_TASK INSTRUCTIONS_
All of the data is to be written out again exactly, without the pictures.

_AVAILABLE DATA_
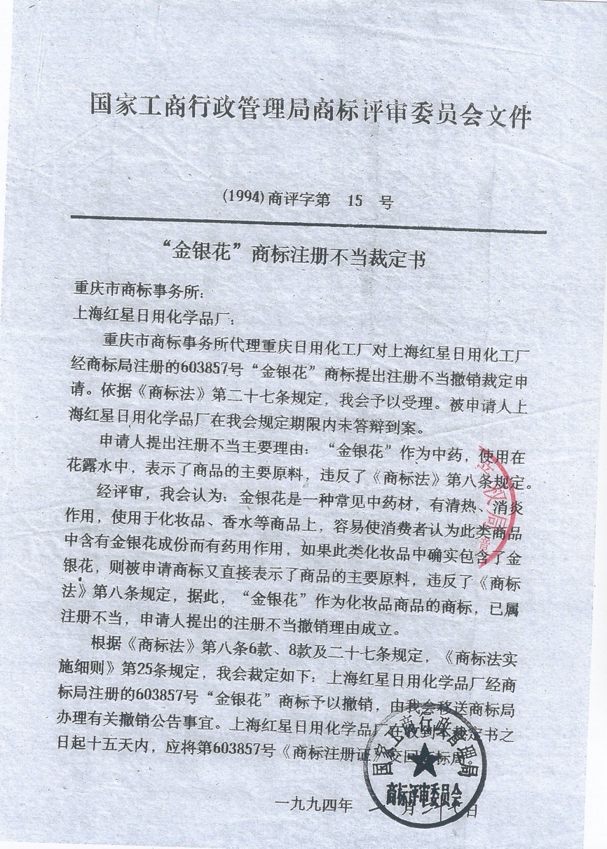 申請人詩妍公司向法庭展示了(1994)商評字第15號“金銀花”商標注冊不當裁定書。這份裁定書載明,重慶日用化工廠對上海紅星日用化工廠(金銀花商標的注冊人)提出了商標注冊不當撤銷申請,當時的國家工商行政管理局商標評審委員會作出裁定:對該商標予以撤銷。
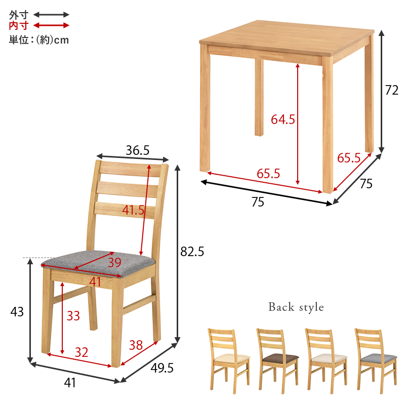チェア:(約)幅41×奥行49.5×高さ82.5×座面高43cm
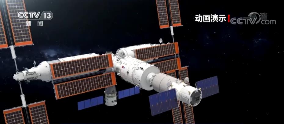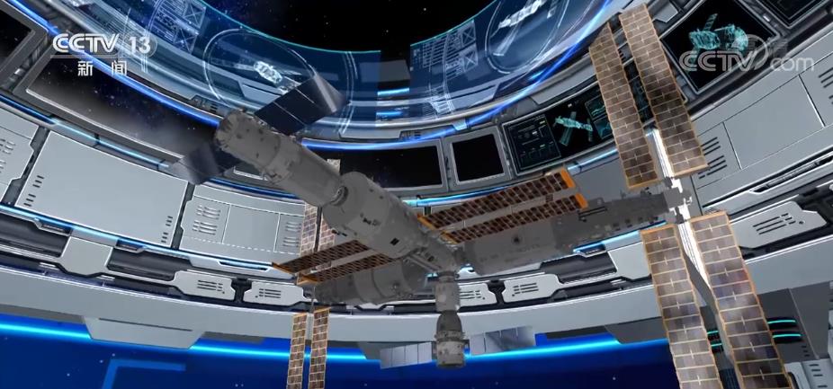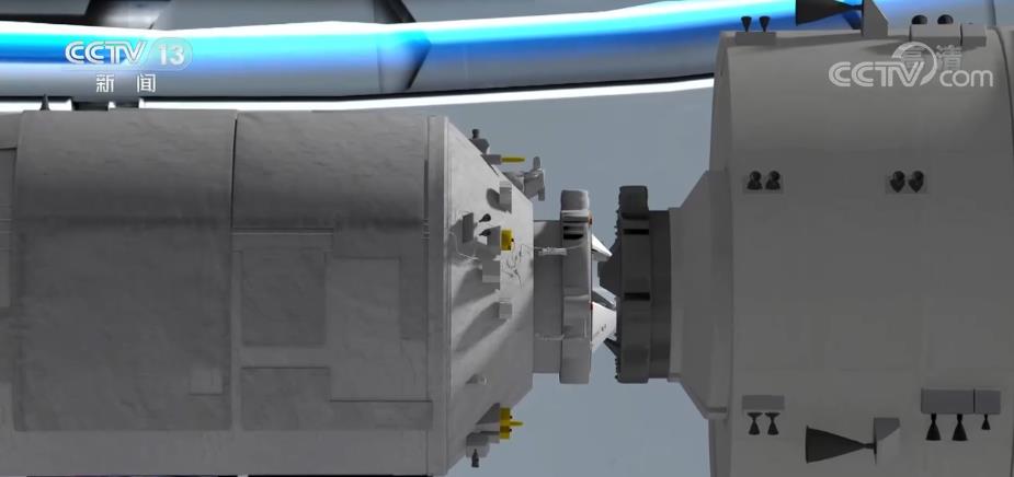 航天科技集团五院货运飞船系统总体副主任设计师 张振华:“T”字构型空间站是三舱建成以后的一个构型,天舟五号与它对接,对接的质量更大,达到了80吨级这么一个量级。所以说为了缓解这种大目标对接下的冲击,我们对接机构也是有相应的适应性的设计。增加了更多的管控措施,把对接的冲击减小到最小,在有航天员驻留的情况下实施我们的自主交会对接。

_COMPLETED TASK_
 申請人詩妍公司向法庭展示了(1994)商評字第15號“金銀花”商標注冊不當裁定書。這份裁定書載明,重慶日用化工廠對上海紅星日用化工廠(金銀花商標的注冊人)提出了商標注冊不當撤銷申請,當時的國家工商行政管理局商標評審委員會作出裁定:對該商標予以撤銷。
チェア:(約)幅41×奥行49.5×高さ82.5×座面高43cm
 航天科技集团五院货运飞船系统总体副主任设计师 张振华:“T”字构型空间站是三舱建成以后的一个构型,天舟五号与它对接,对接的质量更大,达到了80吨级这么一个量级。所以说为了缓解这种大目标对接下的冲击,我们对接机构也是有相应的适应性的设计。增加了更多的管控措施,把对接的冲击减小到最小,在有航天员驻留的情况下实施我们的自主交会对接。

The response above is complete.